[[ RECORDS FOR THIS EXERCISE open ]]
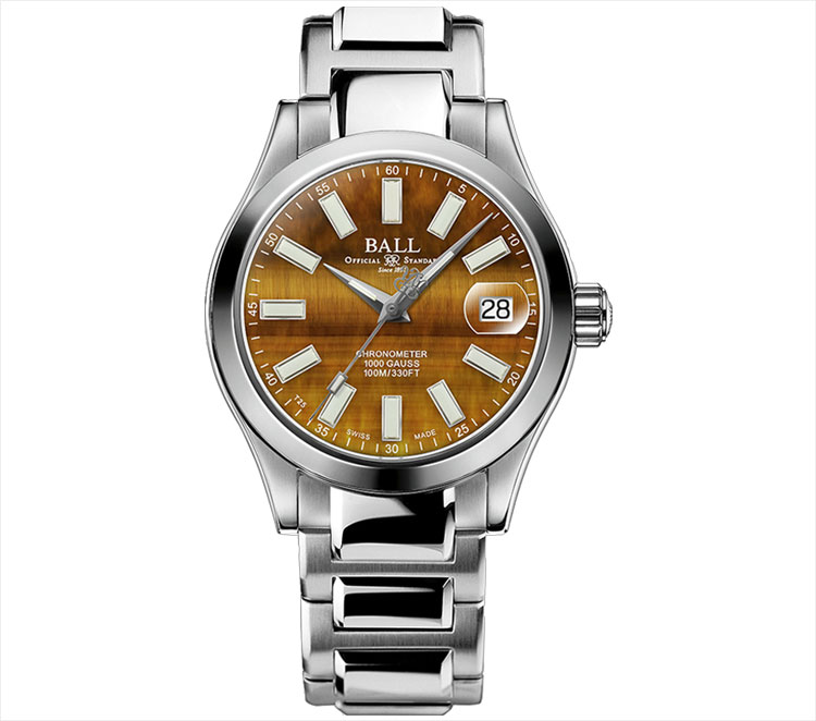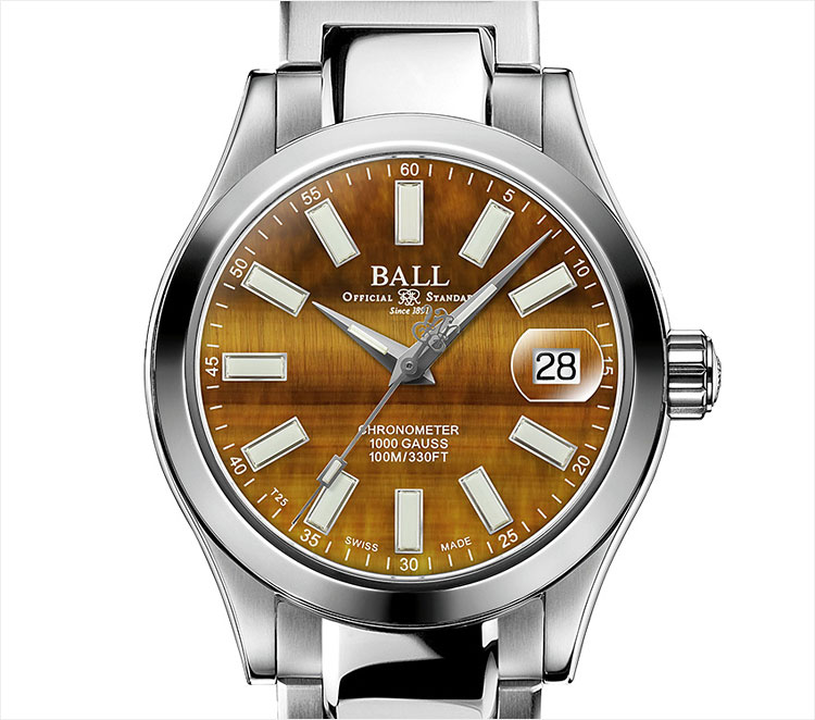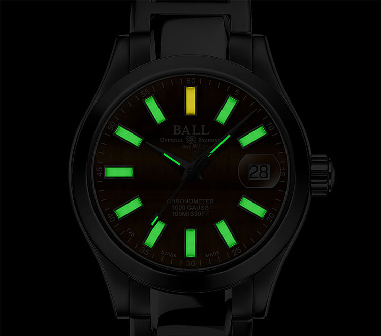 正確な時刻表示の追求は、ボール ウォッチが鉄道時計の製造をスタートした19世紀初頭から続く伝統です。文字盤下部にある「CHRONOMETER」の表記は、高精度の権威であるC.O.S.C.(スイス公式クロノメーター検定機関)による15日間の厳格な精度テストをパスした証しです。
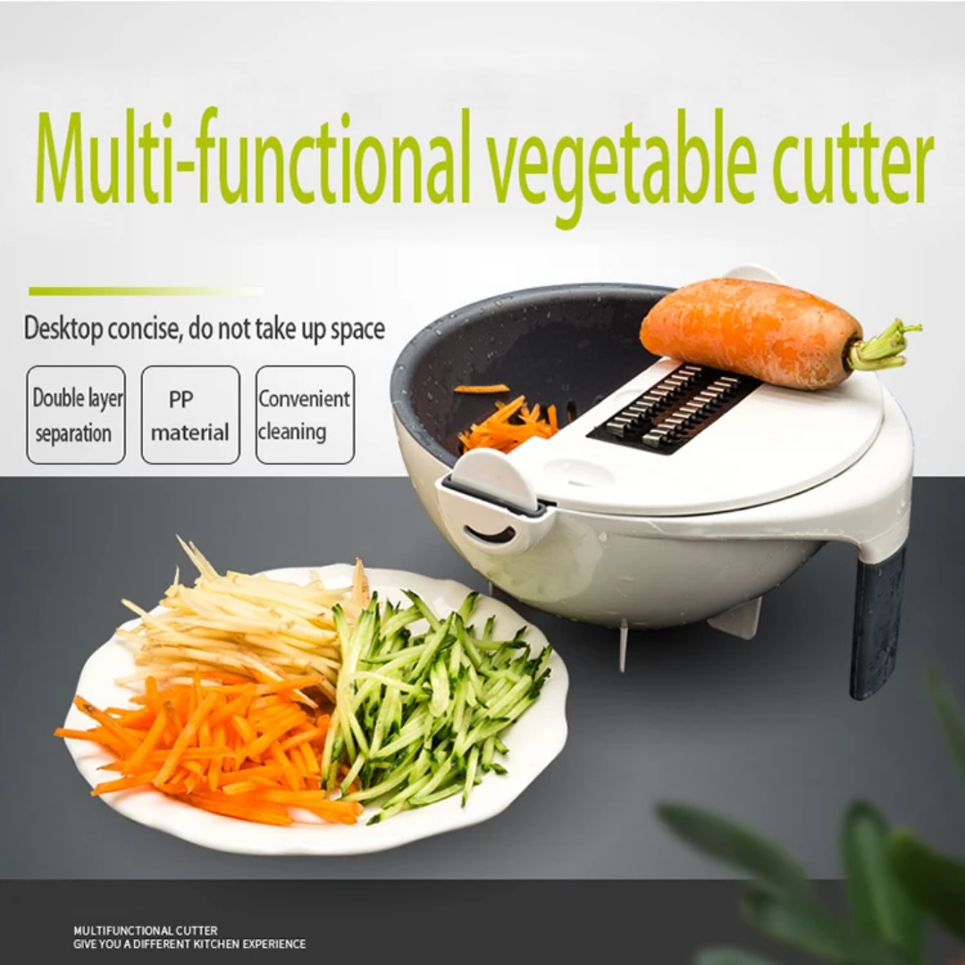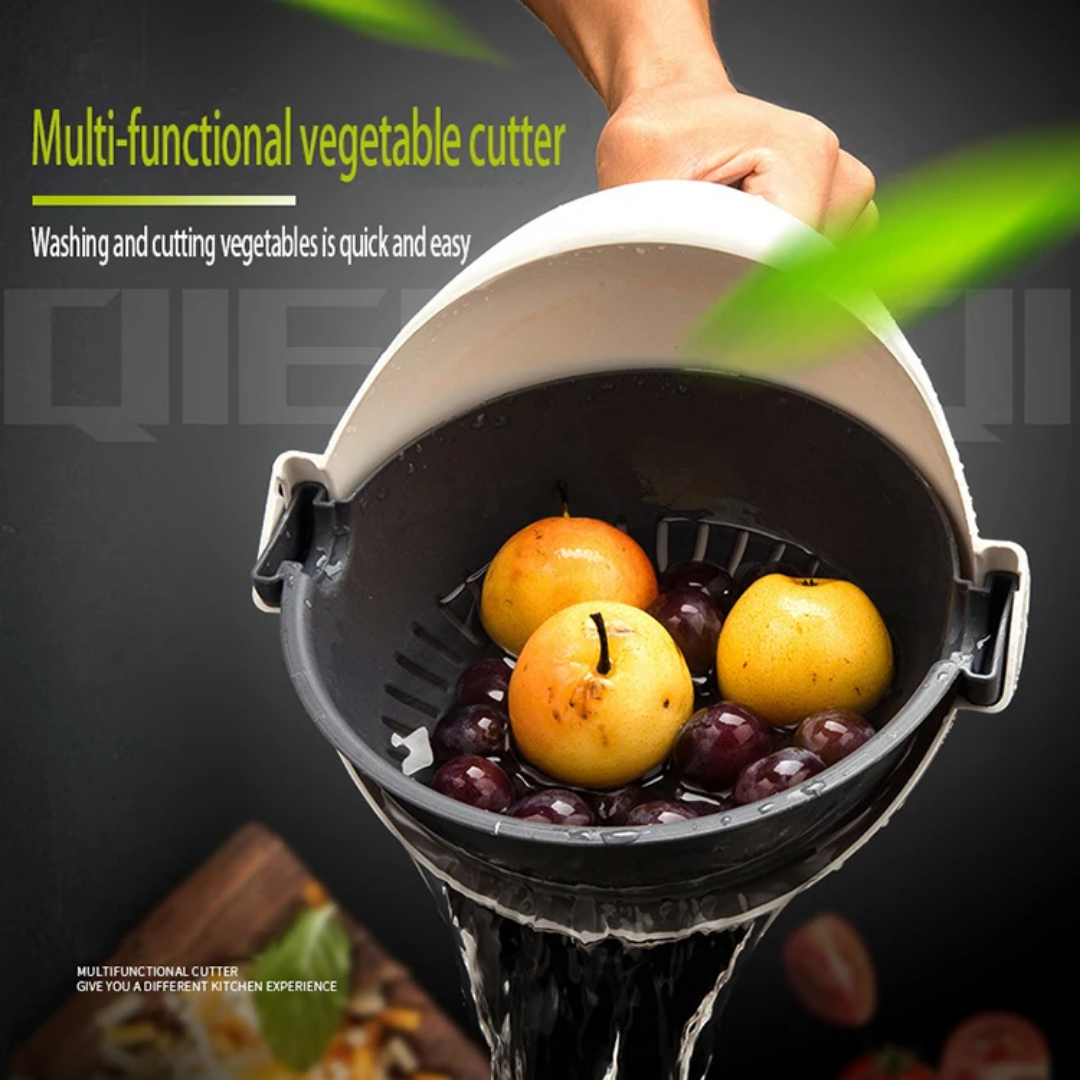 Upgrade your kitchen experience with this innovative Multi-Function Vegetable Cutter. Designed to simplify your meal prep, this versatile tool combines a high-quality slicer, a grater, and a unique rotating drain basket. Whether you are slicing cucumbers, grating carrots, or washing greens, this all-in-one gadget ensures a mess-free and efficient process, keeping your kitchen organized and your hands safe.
[[ RECORDS FOR THIS EXERCISE closed ]]
[[ RECORDS FOR THIS EXERCISE open ]]
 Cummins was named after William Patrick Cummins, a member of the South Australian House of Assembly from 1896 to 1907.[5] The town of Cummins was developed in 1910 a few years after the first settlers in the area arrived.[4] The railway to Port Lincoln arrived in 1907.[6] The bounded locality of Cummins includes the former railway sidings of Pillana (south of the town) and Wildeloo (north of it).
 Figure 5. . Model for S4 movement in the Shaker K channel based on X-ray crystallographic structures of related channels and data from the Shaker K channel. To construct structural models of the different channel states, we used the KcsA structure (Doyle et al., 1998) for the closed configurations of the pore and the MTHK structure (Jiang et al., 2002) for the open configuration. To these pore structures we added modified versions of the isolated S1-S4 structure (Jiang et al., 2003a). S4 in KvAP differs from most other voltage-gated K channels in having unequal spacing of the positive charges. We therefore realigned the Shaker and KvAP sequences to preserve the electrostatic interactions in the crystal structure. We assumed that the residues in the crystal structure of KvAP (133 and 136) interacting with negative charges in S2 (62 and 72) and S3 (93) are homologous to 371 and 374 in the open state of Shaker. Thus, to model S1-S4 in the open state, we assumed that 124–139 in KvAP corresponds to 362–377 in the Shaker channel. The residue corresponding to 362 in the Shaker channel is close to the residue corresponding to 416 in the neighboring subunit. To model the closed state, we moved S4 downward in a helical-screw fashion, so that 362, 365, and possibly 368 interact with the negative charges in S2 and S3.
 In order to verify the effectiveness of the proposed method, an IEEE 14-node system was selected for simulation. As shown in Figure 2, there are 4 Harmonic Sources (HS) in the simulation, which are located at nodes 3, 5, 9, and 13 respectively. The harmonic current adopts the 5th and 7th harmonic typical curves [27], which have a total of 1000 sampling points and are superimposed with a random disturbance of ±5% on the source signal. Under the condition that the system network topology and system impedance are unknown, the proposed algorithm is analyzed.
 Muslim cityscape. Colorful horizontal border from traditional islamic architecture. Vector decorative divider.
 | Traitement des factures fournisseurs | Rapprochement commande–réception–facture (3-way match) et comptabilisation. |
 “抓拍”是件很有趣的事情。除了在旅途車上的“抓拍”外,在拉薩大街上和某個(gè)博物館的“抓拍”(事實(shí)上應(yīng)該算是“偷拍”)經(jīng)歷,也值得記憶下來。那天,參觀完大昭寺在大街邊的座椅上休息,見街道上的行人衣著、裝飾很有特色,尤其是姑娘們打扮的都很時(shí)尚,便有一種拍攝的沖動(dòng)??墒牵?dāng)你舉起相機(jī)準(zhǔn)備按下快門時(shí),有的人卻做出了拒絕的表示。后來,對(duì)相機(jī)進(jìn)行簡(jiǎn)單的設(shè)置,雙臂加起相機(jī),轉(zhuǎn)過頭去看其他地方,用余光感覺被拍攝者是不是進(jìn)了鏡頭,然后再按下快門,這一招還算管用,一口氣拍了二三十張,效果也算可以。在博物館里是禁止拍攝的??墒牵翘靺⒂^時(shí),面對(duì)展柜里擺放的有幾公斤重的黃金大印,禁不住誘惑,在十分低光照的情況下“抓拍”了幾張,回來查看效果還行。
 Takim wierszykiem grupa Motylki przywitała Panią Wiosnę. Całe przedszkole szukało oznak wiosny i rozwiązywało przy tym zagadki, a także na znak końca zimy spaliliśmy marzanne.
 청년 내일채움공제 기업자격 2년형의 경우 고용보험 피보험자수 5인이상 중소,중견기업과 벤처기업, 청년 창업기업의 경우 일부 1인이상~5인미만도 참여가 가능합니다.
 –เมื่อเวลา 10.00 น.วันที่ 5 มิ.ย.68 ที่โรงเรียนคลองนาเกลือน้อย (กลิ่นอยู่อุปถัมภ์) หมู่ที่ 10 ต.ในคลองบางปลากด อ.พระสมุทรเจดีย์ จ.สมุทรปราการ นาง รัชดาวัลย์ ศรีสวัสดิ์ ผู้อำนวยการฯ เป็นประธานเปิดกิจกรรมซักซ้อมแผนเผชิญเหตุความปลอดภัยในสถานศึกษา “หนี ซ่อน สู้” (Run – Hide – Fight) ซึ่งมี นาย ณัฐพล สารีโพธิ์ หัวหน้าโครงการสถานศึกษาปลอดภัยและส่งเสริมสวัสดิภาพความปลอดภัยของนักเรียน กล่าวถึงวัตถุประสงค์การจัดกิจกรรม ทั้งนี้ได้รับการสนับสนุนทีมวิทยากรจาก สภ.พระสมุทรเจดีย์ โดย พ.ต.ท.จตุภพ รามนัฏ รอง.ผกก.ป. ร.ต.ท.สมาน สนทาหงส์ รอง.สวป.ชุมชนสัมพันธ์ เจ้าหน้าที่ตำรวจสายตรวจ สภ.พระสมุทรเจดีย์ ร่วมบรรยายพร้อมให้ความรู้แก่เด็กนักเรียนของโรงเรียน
[[ RECORDS FOR THIS EXERCISE closed ]]
EXERCISE DIRECTIONS
Copy needed, without pictures: the lines of the listing above from the line containing "正確な時刻表示の追求は、ボー" up to and including the line containing "Upgrade your kitchen", set down exactly.

ANSWER TO THIS PROBLEM
 正確な時刻表示の追求は、ボール ウォッチが鉄道時計の製造をスタートした19世紀初頭から続く伝統です。文字盤下部にある「CHRONOMETER」の表記は、高精度の権威であるC.O.S.C.(スイス公式クロノメーター検定機関)による15日間の厳格な精度テストをパスした証しです。
 Upgrade your kitchen experience with this innovative Multi-Function Vegetable Cutter. Designed to simplify your meal prep, this versatile tool combines a high-quality slicer, a grater, and a unique rotating drain basket. Whether you are slicing cucumbers, grating carrots, or washing greens, this all-in-one gadget ensures a mess-free and efficient process, keeping your kitchen organized and your hands safe.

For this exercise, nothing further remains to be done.